Aim of the task >> Every record gets copied exactly, and no picture goes with it.

Extracted material >>
____________________

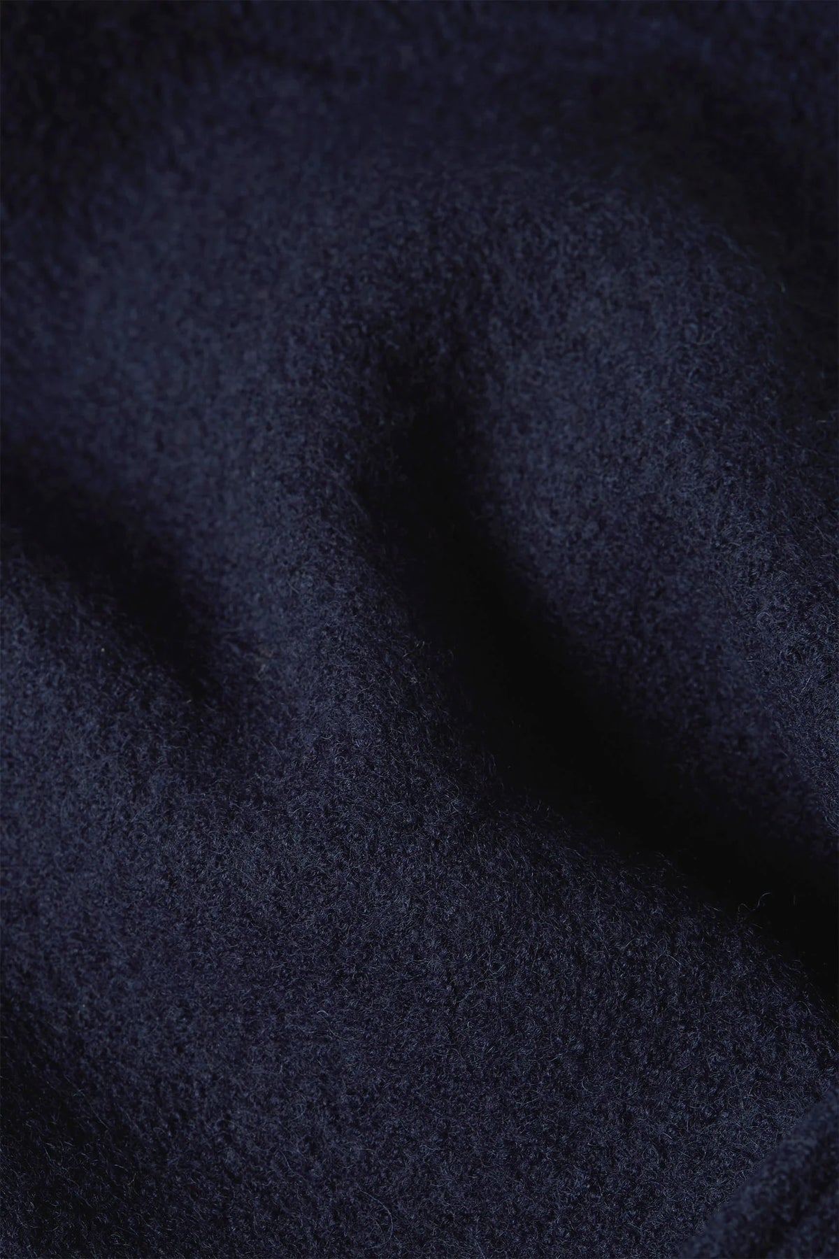 En kort jakke til overgangssæsonen i navy uld, og behagelige elastiske kanter som giver form og holder på varmen.
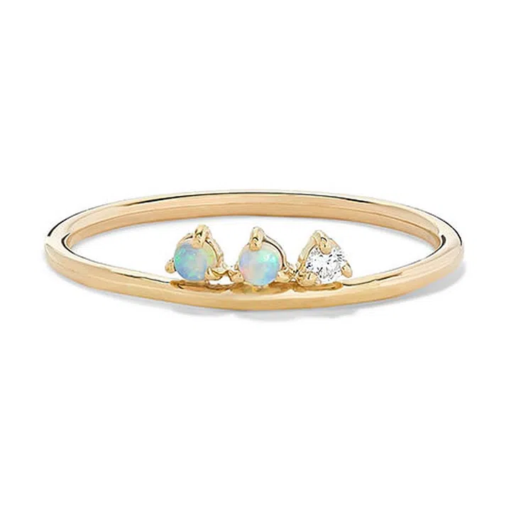 Upgrade your typical gold bands with this Wwake creation that comes studded with iridescent opals and a diamond totalling 0.09 carats. Let this ring shine by pairing it with darker outfits such as a navy jumpsuit and mules.
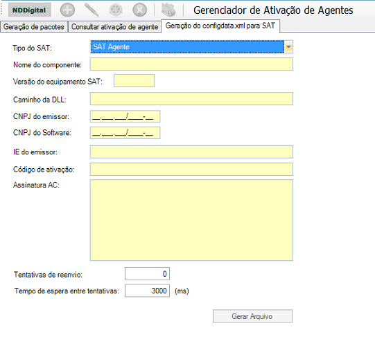 ✓ Tipo do SAT: Selecione o tipo, podendo ser SAT Agente ou SAT Server;
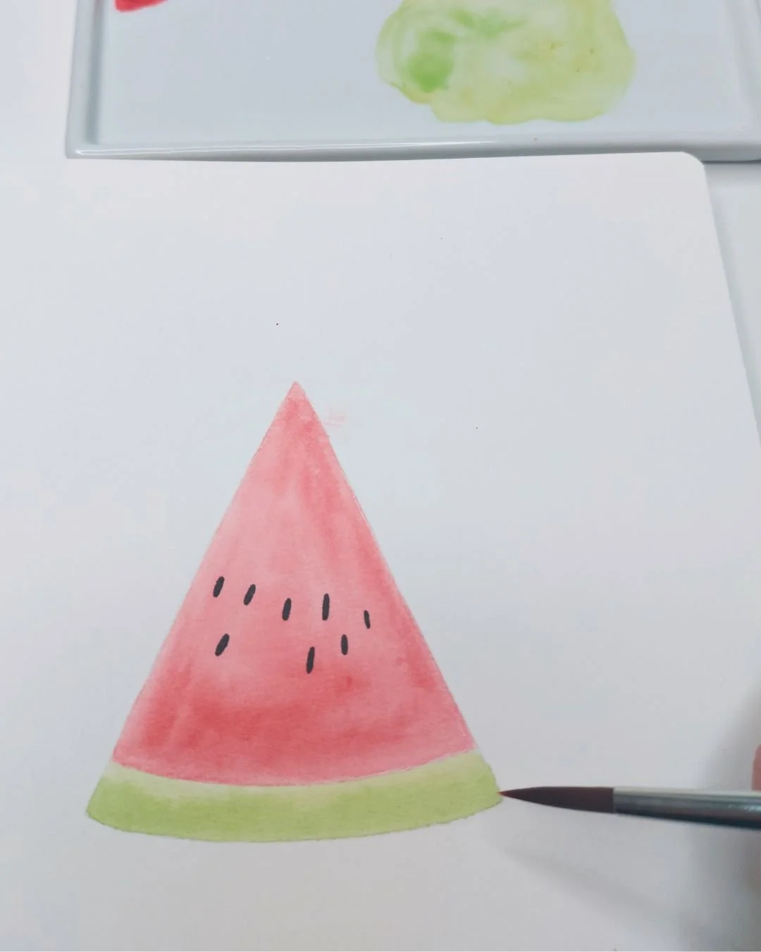 Aquarellsketch einer Wassermelone - Erster Farbauftrag
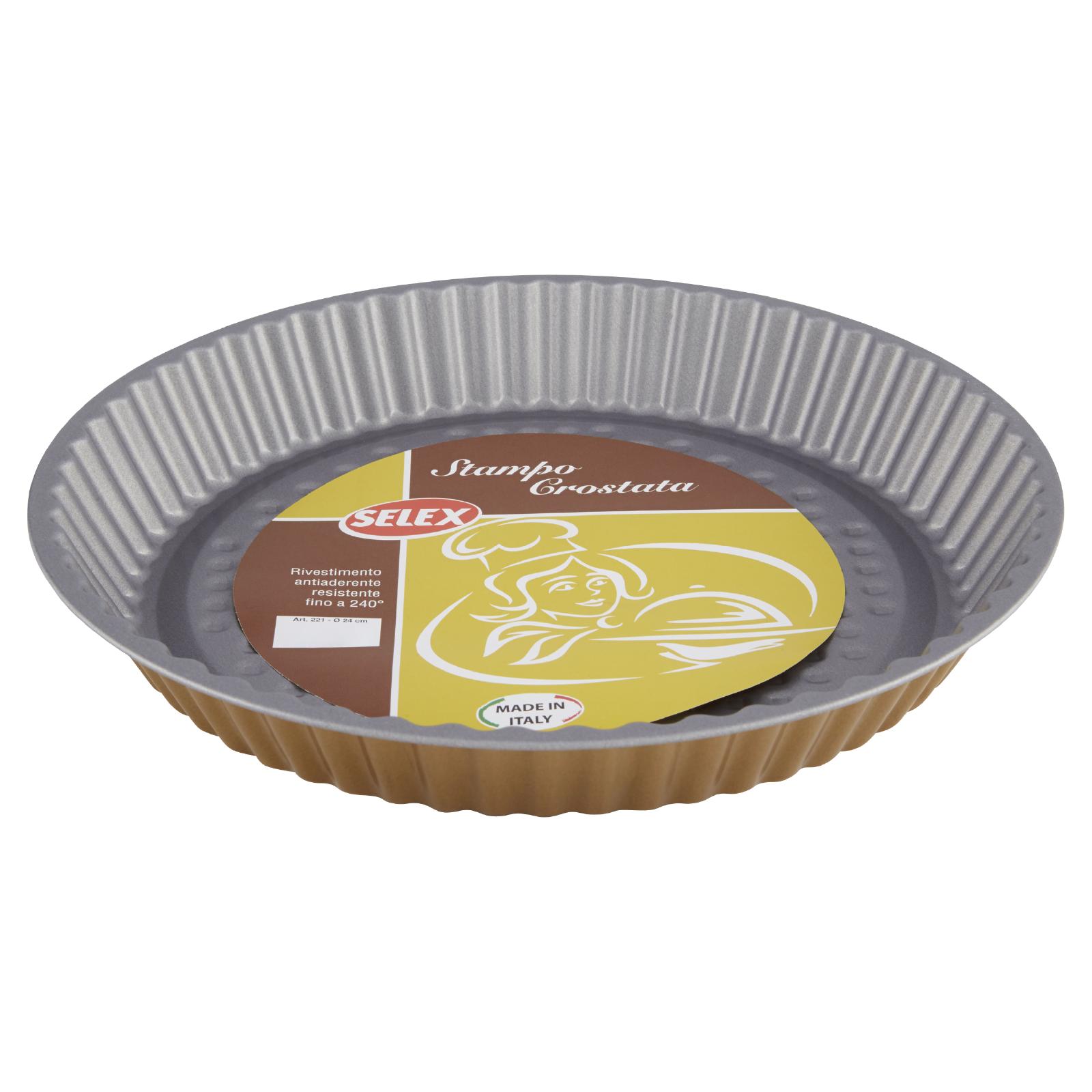 Stampo crostata: Lo stampo crostata Selex è realizzato in acciaio con rivestimento antiaderente. Grazie alla conducibilità dell'acciaio ed al basso spessore, la cottura in forno risulta rapida ed uniforme. Il rivestimento antiaderente assicura ottimi risultati di sfornatura del dolce. Facile da pulire dopo l'utilizzo.
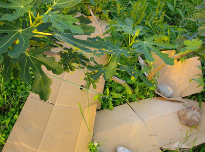 雨がよく降ったため、烏骨鶏さん達が食べるよりも早く、草が成長しています。草除けのため、いちじくの木の根元に、段ボールを敷きました。これを敷いておくと、遮光されて雑草が生えません。
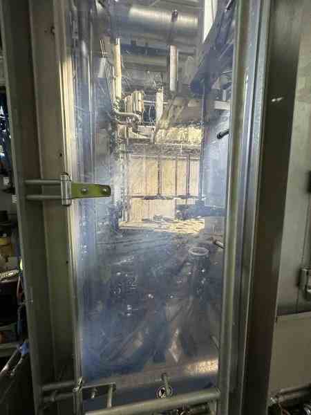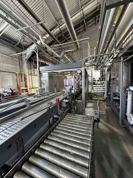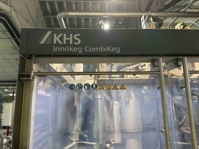 Used Keg Washer, cleaner and filler system. Manufactured by KHS GmbH. Model Innokeg COMBIKEG R5. For product flow speed control, maximum filling speeds are 1.5 l/s (0.396 gal/s, 23.78 GPM), 2.2 l/s (0.581 gal/s, 34.87 GPM), and 2.5 l/s (0.660 gal/s, 39.63 GPM), while orifice control systems operate at 2.0 l/s (0.528 gal/s, 31.70 GPM). Minimum pressures at the filling head range from 1.7 bar(g) (24.66 psi) to 3.6 bar(g) (52.21 psi), while orifice control systems operate at 1.2 bar(g) (17.40 psi). Typical product temperatures are maintained between +1 °C (33.8 °F) and +6 °C (42.8 °F), with CO2 content in the range of 5–6 g/l (0.67–0.80 oz/gal). Product transfer pressures before the DFC valve vary between 3.0 bar(g) (43.51 psi) and 4.9 bar(g) (71.07 psi) for different fittings, with a maximum of 5 bar(g) (72.52 psi) in product flow speed control systems. Spray product usage is 27 ml/keg (0.91 fl oz/keg) for flat fittings and 67 ml/keg (2.27 fl oz/keg) for well-type fittings, with up to 5 ml/keg (0.17 fl oz/keg) recoverable for reuse. Dimensions: 8' x 14'3" x 8' (Wx L x H). Built 2016.
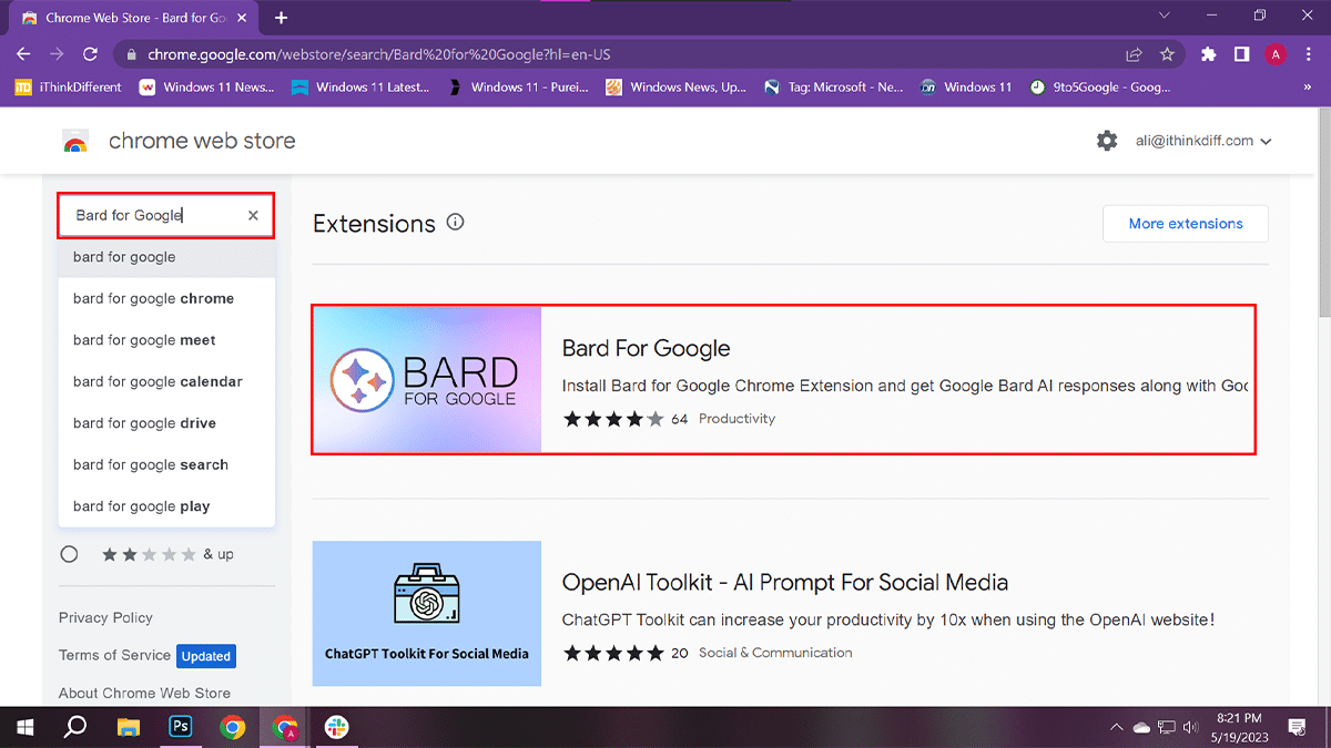 - にアクセスしてくださいクロムウェブストアWeb>検索バータイプGoogleのバード>「」をクリックします。Googleのバード" 拡大。
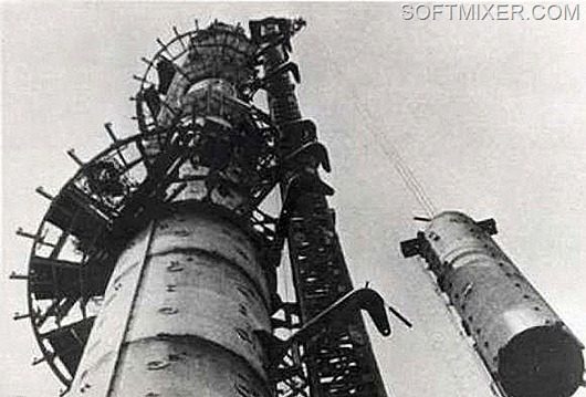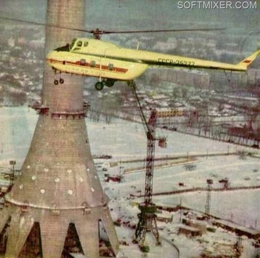 Потом секции антенны вновь разобрали, и отдельные их части — царги — подавались краном на перегрузочную площадку на высоту 63 метра. Затем специальным краном, установленным на стволе башни, первые царги поднимались на вершину башни и монтировались так, что они вошли внутрь ее ствола на 10 метров. А после этого монтаж вели с помощью ползучего крана.
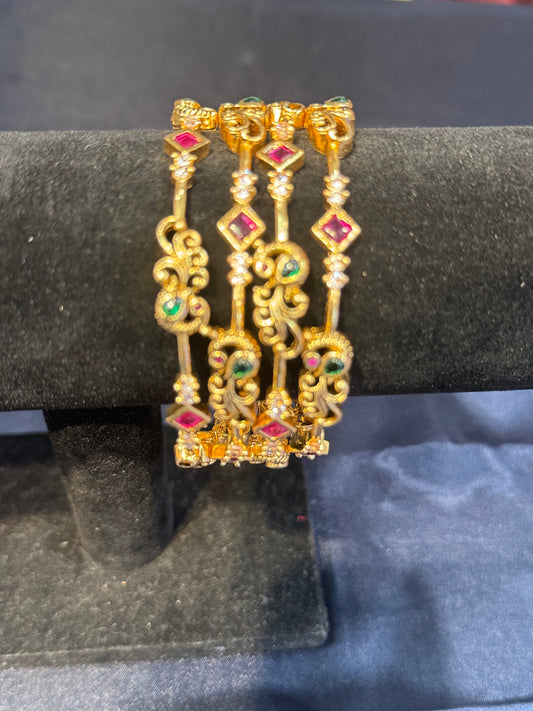 Attractive Green and Red Stones Gold Plated Antique Design Bangles For Women
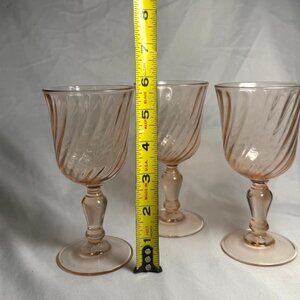Vintage Arcoroc France Rosaline Pink Swirl Wine Goblet Depression Glass Set of 3
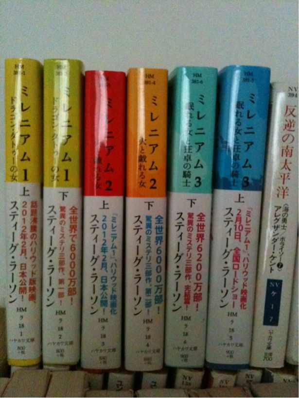 去年入院した時に友達が差し入れしてくれた小説。3部とも上下巻で覚えにくいスェーデン名の登場人物がどっさりなので、なかなか手が出せないでいたけれど、読み出したらどっぷりハマった。
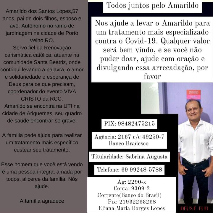 Familiares e amigos de Amarildo dos Santos Lopes, 57 anos, estão unidos em uma corrente de apoio a ele, que contraiu covid-19 e se encontra internado em estado grave na UTI, em Ariquemes. Atualmente, se encontra com 75% dos pulmões comprometidos.
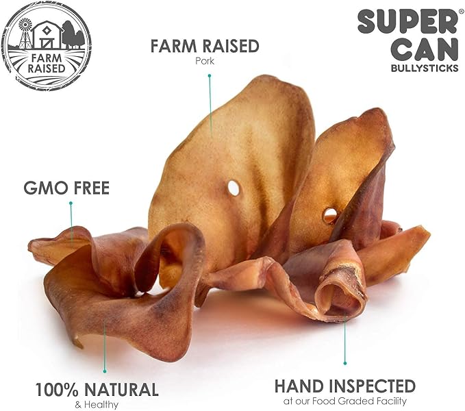 SUPER CAN BULLYSTICKS Natural Whole Pig Ears for Dogs (100 Count) - 100% Natural Pork Ear for Dogs - Easily Digestible Natural Dog Chews for Medium-Large Dogs

____________________

Finished task >>
 En kort jakke til overgangssæsonen i navy uld, og behagelige elastiske kanter som giver form og holder på varmen.
 Upgrade your typical gold bands with this Wwake creation that comes studded with iridescent opals and a diamond totalling 0.09 carats. Let this ring shine by pairing it with darker outfits such as a navy jumpsuit and mules.
 ✓ Tipo do SAT: Selecione o tipo, podendo ser SAT Agente ou SAT Server;
 Aquarellsketch einer Wassermelone - Erster Farbauftrag
 Stampo crostata: Lo stampo crostata Selex è realizzato in acciaio con rivestimento antiaderente. Grazie alla conducibilità dell'acciaio ed al basso spessore, la cottura in forno risulta rapida ed uniforme. Il rivestimento antiaderente assicura ottimi risultati di sfornatura del dolce. Facile da pulire dopo l'utilizzo.
 雨がよく降ったため、烏骨鶏さん達が食べるよりも早く、草が成長しています。草除けのため、いちじくの木の根元に、段ボールを敷きました。これを敷いておくと、遮光されて雑草が生えません。
 Used Keg Washer, cleaner and filler system. Manufactured by KHS GmbH. Model Innokeg COMBIKEG R5. For product flow speed control, maximum filling speeds are 1.5 l/s (0.396 gal/s, 23.78 GPM), 2.2 l/s (0.581 gal/s, 34.87 GPM), and 2.5 l/s (0.660 gal/s, 39.63 GPM), while orifice control systems operate at 2.0 l/s (0.528 gal/s, 31.70 GPM). Minimum pressures at the filling head range from 1.7 bar(g) (24.66 psi) to 3.6 bar(g) (52.21 psi), while orifice control systems operate at 1.2 bar(g) (17.40 psi). Typical product temperatures are maintained between +1 °C (33.8 °F) and +6 °C (42.8 °F), with CO2 content in the range of 5–6 g/l (0.67–0.80 oz/gal). Product transfer pressures before the DFC valve vary between 3.0 bar(g) (43.51 psi) and 4.9 bar(g) (71.07 psi) for different fittings, with a maximum of 5 bar(g) (72.52 psi) in product flow speed control systems. Spray product usage is 27 ml/keg (0.91 fl oz/keg) for flat fittings and 67 ml/keg (2.27 fl oz/keg) for well-type fittings, with up to 5 ml/keg (0.17 fl oz/keg) recoverable for reuse. Dimensions: 8' x 14'3" x 8' (Wx L x H). Built 2016.
 - にアクセスしてくださいクロムウェブストアWeb>検索バータイプGoogleのバード>「」をクリックします。Googleのバード" 拡大。
 Потом секции антенны вновь разобрали, и отдельные их части — царги — подавались краном на перегрузочную площадку на высоту 63 метра. Затем специальным краном, установленным на стволе башни, первые царги поднимались на вершину башни и монтировались так, что они вошли внутрь ее ствола на 10 метров. А после этого монтаж вели с помощью ползучего крана.
 Attractive Green and Red Stones Gold Plated Antique Design Bangles For Women
Vintage Arcoroc France Rosaline Pink Swirl Wine Goblet Depression Glass Set of 3
 去年入院した時に友達が差し入れしてくれた小説。3部とも上下巻で覚えにくいスェーデン名の登場人物がどっさりなので、なかなか手が出せないでいたけれど、読み出したらどっぷりハマった。
 Familiares e amigos de Amarildo dos Santos Lopes, 57 anos, estão unidos em uma corrente de apoio a ele, que contraiu covid-19 e se encontra internado em estado grave na UTI, em Ariquemes. Atualmente, se encontra com 75% dos pulmões comprometidos.
 SUPER CAN BULLYSTICKS Natural Whole Pig Ears for Dogs (100 Count) - 100% Natural Pork Ear for Dogs - Easily Digestible Natural Dog Chews for Medium-Large Dogs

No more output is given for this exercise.